◆ **Data extracts**:
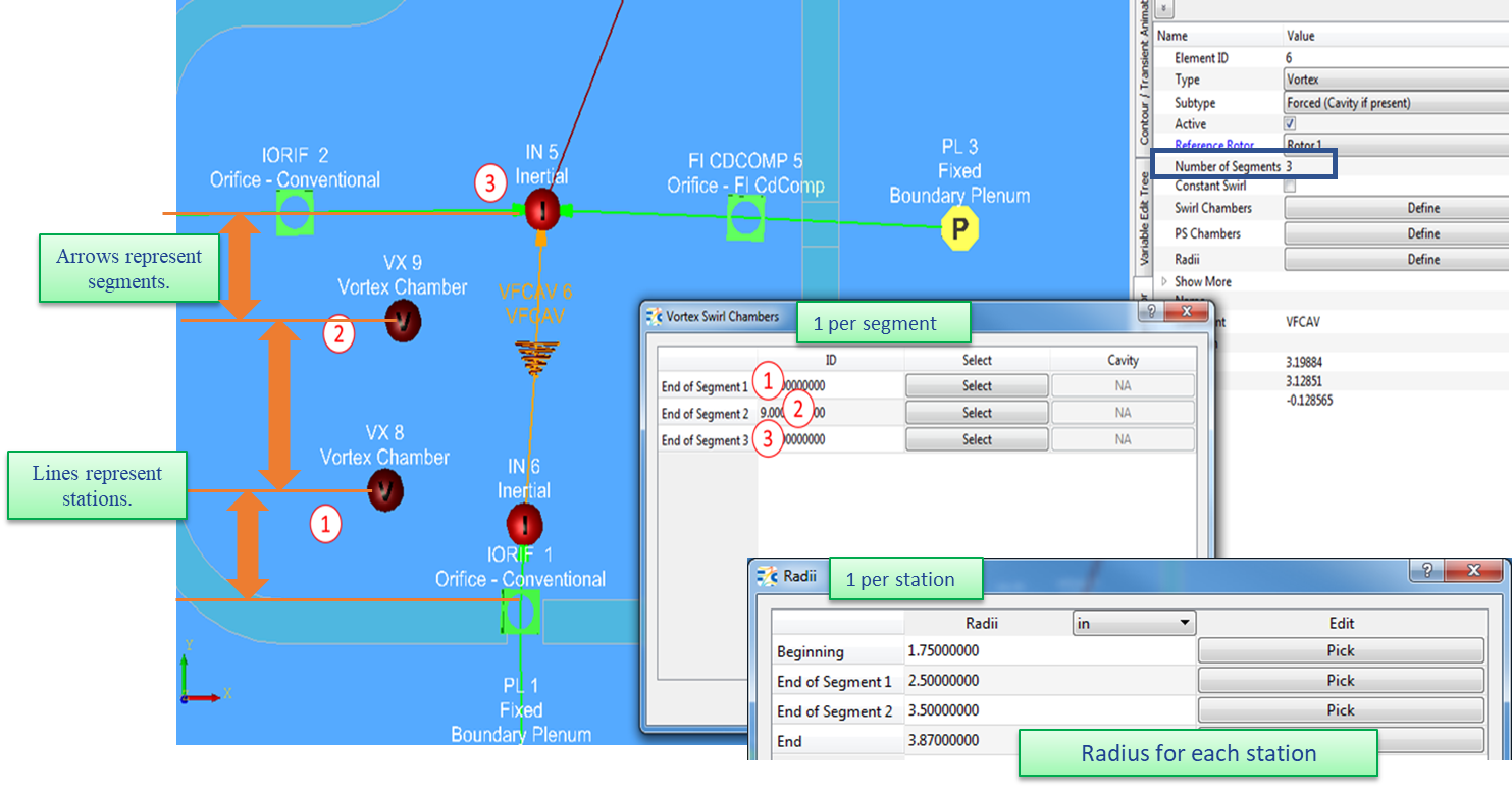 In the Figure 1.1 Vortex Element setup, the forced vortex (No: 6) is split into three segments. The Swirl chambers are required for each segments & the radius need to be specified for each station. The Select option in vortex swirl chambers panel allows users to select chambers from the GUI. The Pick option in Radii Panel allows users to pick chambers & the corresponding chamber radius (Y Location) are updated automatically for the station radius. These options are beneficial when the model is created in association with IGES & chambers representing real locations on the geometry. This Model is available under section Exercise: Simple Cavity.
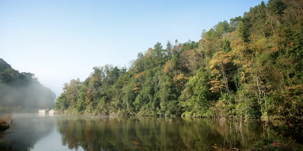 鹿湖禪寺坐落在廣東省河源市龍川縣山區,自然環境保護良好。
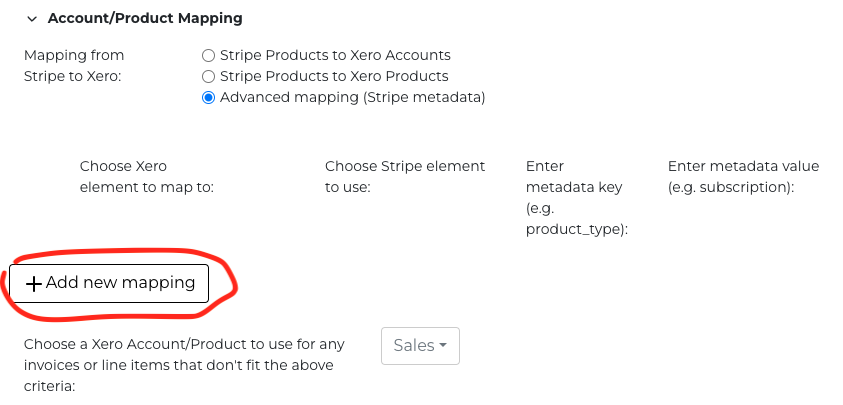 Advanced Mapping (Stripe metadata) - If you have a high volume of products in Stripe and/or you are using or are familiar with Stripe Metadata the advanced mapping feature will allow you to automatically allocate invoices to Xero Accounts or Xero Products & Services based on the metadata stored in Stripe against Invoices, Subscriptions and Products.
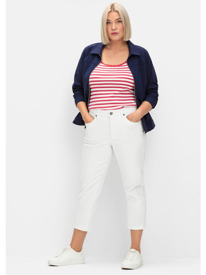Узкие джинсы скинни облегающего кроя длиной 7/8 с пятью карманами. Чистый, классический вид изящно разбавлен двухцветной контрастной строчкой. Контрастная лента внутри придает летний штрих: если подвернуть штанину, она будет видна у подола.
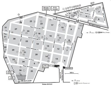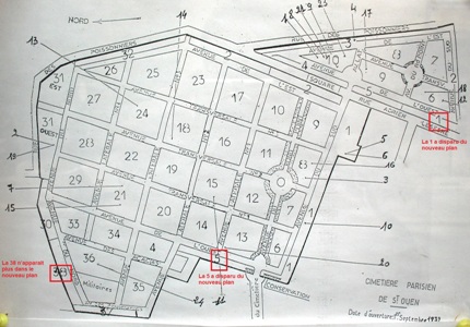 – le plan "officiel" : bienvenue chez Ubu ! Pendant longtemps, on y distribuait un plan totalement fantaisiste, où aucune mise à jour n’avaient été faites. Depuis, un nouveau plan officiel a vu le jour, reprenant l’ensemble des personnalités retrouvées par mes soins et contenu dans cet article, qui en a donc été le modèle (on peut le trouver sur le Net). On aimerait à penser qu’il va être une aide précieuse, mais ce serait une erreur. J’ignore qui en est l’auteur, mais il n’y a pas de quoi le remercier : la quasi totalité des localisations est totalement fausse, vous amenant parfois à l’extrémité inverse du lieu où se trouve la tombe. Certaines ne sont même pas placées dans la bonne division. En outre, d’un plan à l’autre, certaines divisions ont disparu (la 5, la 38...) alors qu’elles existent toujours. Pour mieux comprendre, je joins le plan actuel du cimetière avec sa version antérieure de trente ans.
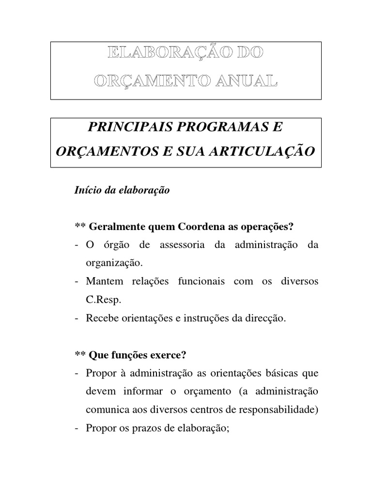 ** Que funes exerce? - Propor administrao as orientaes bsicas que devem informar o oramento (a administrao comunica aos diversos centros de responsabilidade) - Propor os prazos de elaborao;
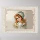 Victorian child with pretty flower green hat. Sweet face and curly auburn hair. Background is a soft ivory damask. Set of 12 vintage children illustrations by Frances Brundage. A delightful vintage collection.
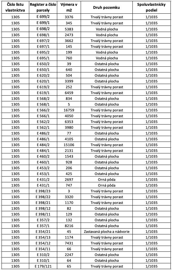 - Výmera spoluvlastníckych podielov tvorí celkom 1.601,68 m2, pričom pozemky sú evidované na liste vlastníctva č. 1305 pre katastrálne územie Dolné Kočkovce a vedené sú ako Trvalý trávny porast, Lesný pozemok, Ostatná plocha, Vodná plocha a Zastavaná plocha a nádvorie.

--

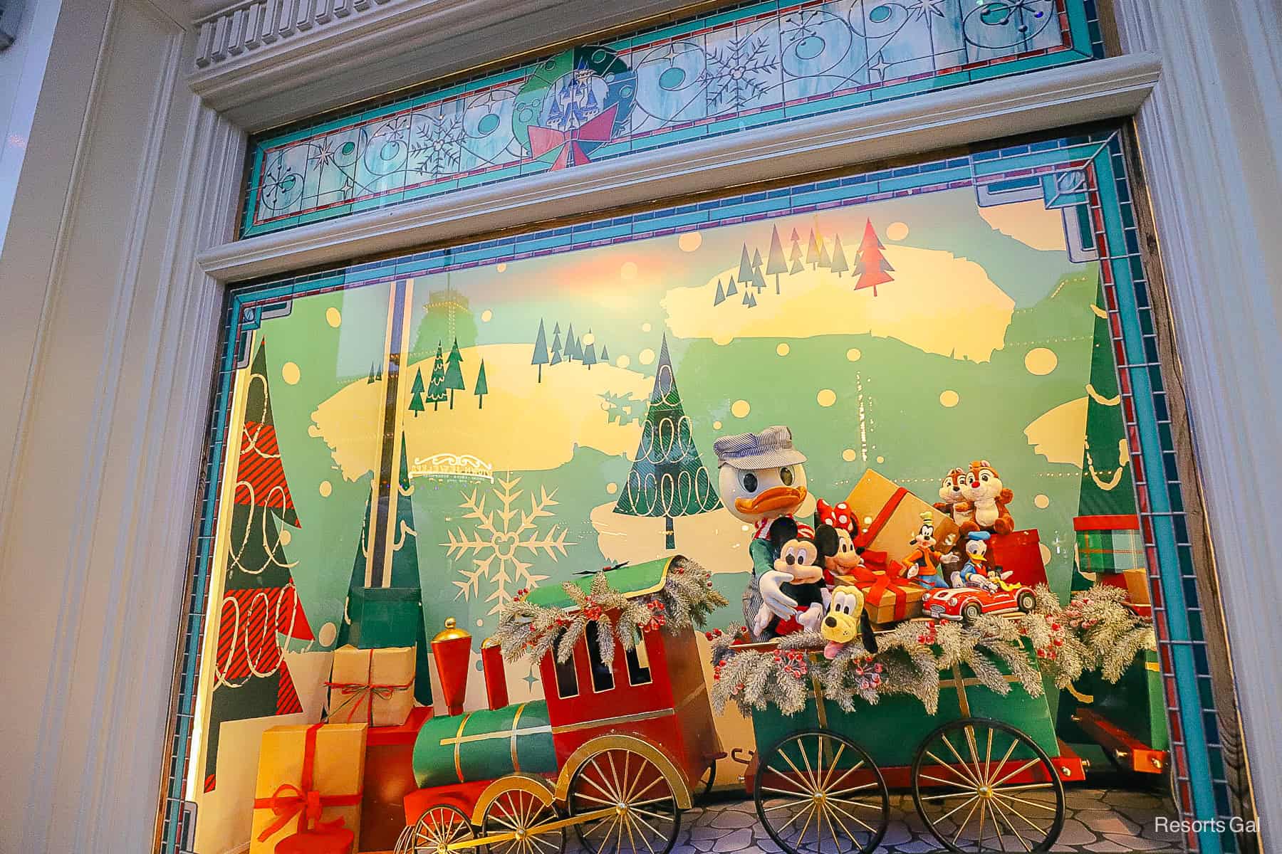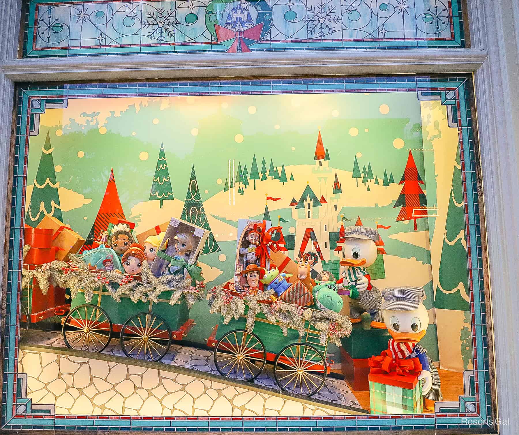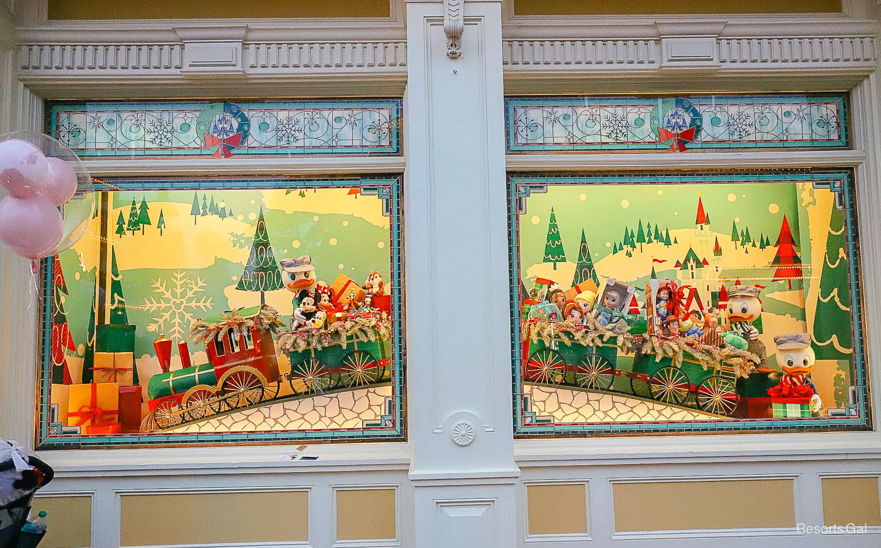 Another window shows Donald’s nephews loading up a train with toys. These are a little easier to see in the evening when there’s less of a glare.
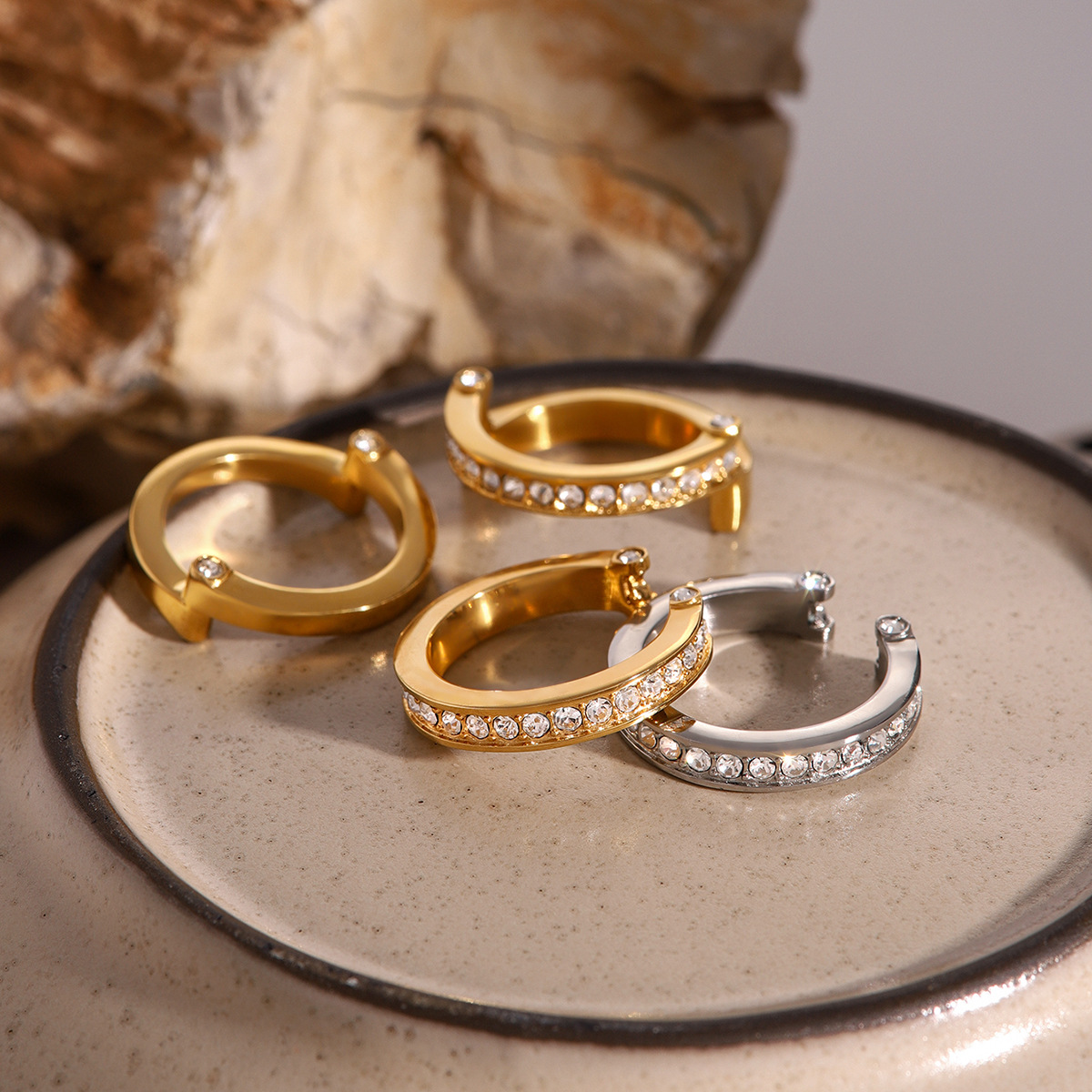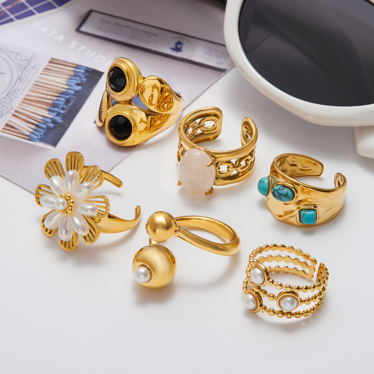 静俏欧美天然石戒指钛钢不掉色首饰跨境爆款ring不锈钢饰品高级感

◆ **Work to be completed**: An exact copy is needed. It runs from the line above containing "prazos de elaborao;" down to the line containing "Victorian child with", both included, with no pictures.

◆ **Result**:
 ** Que funes exerce? - Propor administrao as orientaes bsicas que devem informar o oramento (a administrao comunica aos diversos centros de responsabilidade) - Propor os prazos de elaborao;
 Victorian child with pretty flower green hat. Sweet face and curly auburn hair. Background is a soft ivory damask. Set of 12 vintage children illustrations by Frances Brundage. A delightful vintage collection.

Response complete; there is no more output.